Segment Start: Information provided

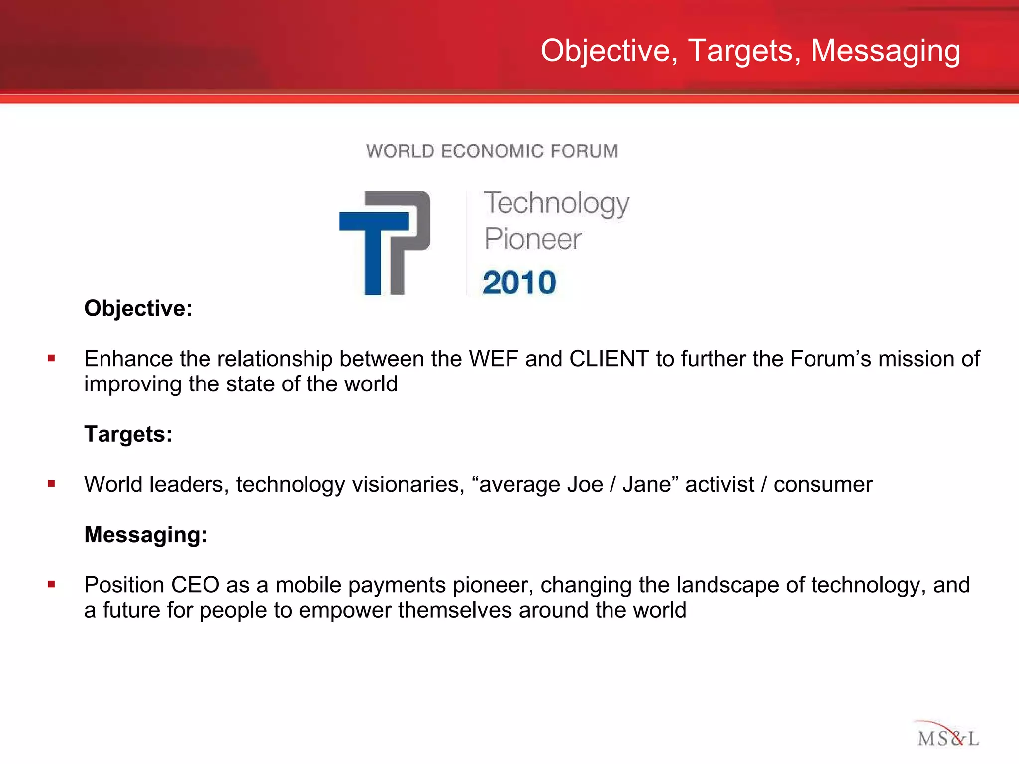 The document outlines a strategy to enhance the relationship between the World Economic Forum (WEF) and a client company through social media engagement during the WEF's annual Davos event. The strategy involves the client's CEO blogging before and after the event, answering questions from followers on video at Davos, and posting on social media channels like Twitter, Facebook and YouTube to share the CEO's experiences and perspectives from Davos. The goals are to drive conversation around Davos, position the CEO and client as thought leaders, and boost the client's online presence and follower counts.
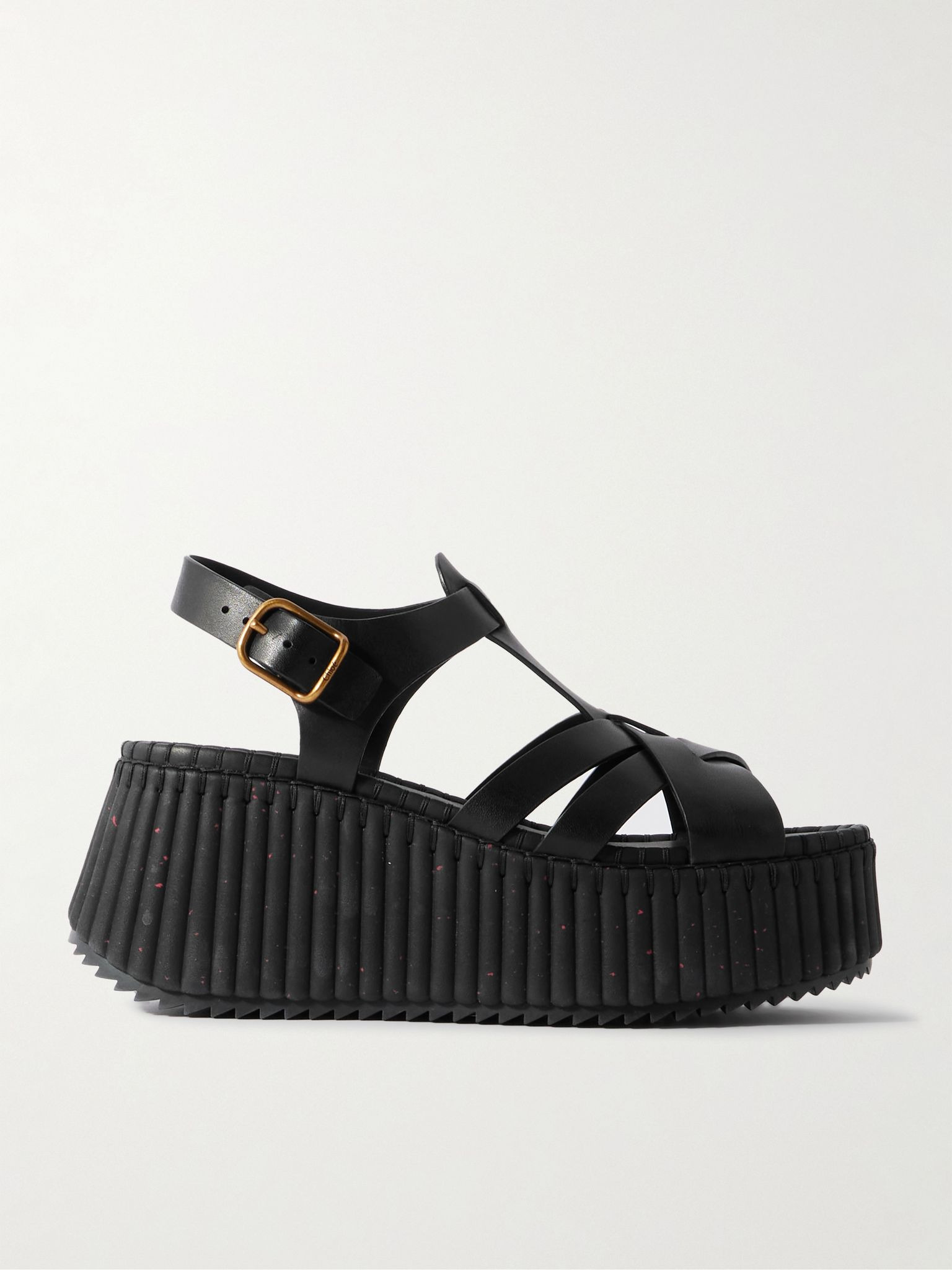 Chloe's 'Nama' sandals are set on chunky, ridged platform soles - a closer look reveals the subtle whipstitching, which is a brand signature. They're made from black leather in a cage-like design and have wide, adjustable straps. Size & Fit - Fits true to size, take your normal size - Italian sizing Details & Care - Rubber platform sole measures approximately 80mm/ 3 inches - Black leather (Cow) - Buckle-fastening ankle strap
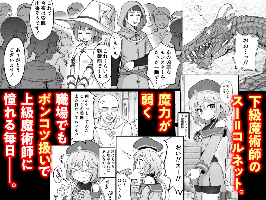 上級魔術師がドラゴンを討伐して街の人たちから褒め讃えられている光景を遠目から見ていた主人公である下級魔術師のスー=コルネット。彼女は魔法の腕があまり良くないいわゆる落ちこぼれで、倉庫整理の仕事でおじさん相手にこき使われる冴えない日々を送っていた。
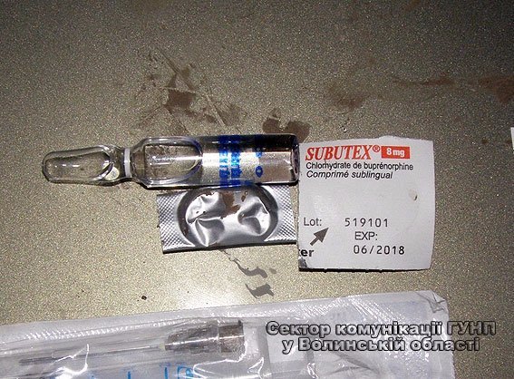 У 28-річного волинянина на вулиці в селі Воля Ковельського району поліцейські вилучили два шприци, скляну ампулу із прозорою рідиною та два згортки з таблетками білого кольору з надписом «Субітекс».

Segment End: Information provided

*Exercise*:
Please copy exactly the lines from the one that contains "上級魔術師がドラゴンを討伐し" through the last line of the listing above, leaving out the pictures.

*Task response*:
 上級魔術師がドラゴンを討伐して街の人たちから褒め讃えられている光景を遠目から見ていた主人公である下級魔術師のスー=コルネット。彼女は魔法の腕があまり良くないいわゆる落ちこぼれで、倉庫整理の仕事でおじさん相手にこき使われる冴えない日々を送っていた。
 У 28-річного волинянина на вулиці в селі Воля Ковельського району поліцейські вилучили два шприци, скляну ампулу із прозорою рідиною та два згортки з таблетками білого кольору з надписом «Субітекс».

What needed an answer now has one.